For definite length of wire, if the weight used for applying tension is immersed in water , then frequency will

To solve the problem, we need to analyze how immersing a weight in water affects the tension in a wire and subsequently the frequency of the wire. Here’s a step-by-step breakdown: ### Step 1: Understand the Setup We have a wire of length \( L \) with a mass \( M \) attached to it. The weight of the mass \( M \) creates tension in the wire. **Hint:** Identify the forces acting on the mass when it is submerged in water. ### Step 2: Write the Equilibrium Condition In equilibrium, the tension \( T \) in the wire is equal to the weight of the mass \( M \) minus the buoyant force \( F_B \) acting on it when submerged in water. The weight of the mass is given by: \[ W = mg \] where \( m \) is the mass and \( g \) is the acceleration due to gravity. The buoyant force \( F_B \) is given by: \[ F_B = \rho V g \] where \( \rho \) is the density of water, \( V \) is the volume of the mass submerged, and \( g \) is the acceleration due to gravity.

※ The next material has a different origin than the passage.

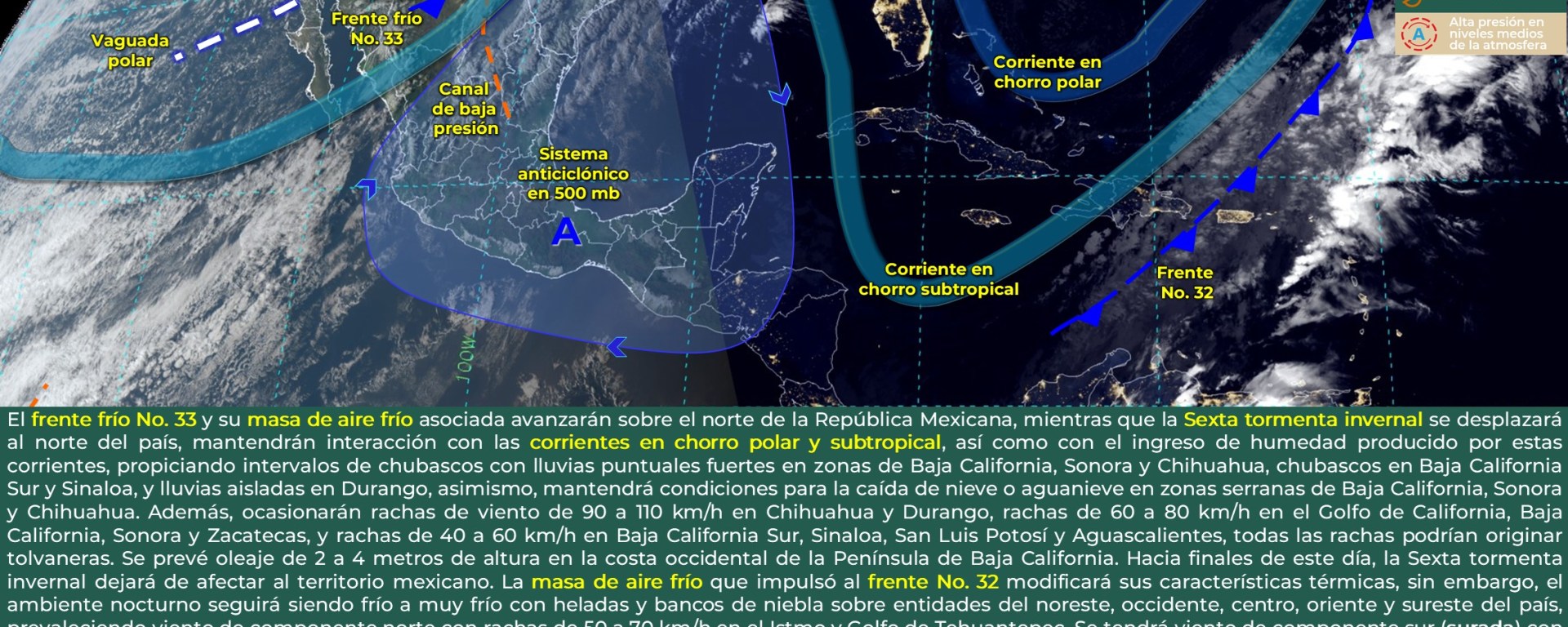 Vientos con rachas de 40 a 60 km/h: Golfo de California y con tolvaneras: Coahuila, Nuevo León, San Luis Potosí, Zacatecas, Aguascalientes, Jalisco, Michoacán, Guanajuato, Querétaro, Hidalgo, Puebla, Tlaxcala, Estado de México y Ciudad de México.

Thus, the equilibrium condition can be expressed as: \[ T + F_B = mg \] or rearranging gives: \[ T = mg - F_B \] **Hint:** Remember that the buoyant force reduces the effective weight of the mass when it is submerged. ### Step 3: Express Tension in Terms of Buoyant Force Substituting the expression for buoyant force into the tension equation: \[ T = mg - \rho V g \] **Hint:** This shows how the tension in the wire changes when the mass is immersed in water. ### Step 4: Relate Tension to Frequency The frequency \( f \) of the wire can be expressed as: \[ f = \frac{1}{2L} \sqrt{\frac{T}{\mu}} \] where \( \mu \) is the linear mass density of the wire (mass per unit length). **Hint:** The frequency is directly proportional to the square root of the tension. ### Step 5: Analyze the Effect of Buoyancy on Frequency Since the tension \( T \) decreases when the mass is submerged in water (due to the buoyant force), we can conclude that: - If \( T \) decreases, then \( f \) must also decrease. **Hint:** Compare the initial tension (when the mass is in air) to the new tension (when the mass is submerged) to see the effect on frequency. ### Conclusion Therefore, when the weight used for applying tension is immersed in water, the frequency of the wire will **decrease**. **Final Answer:** The frequency will become less.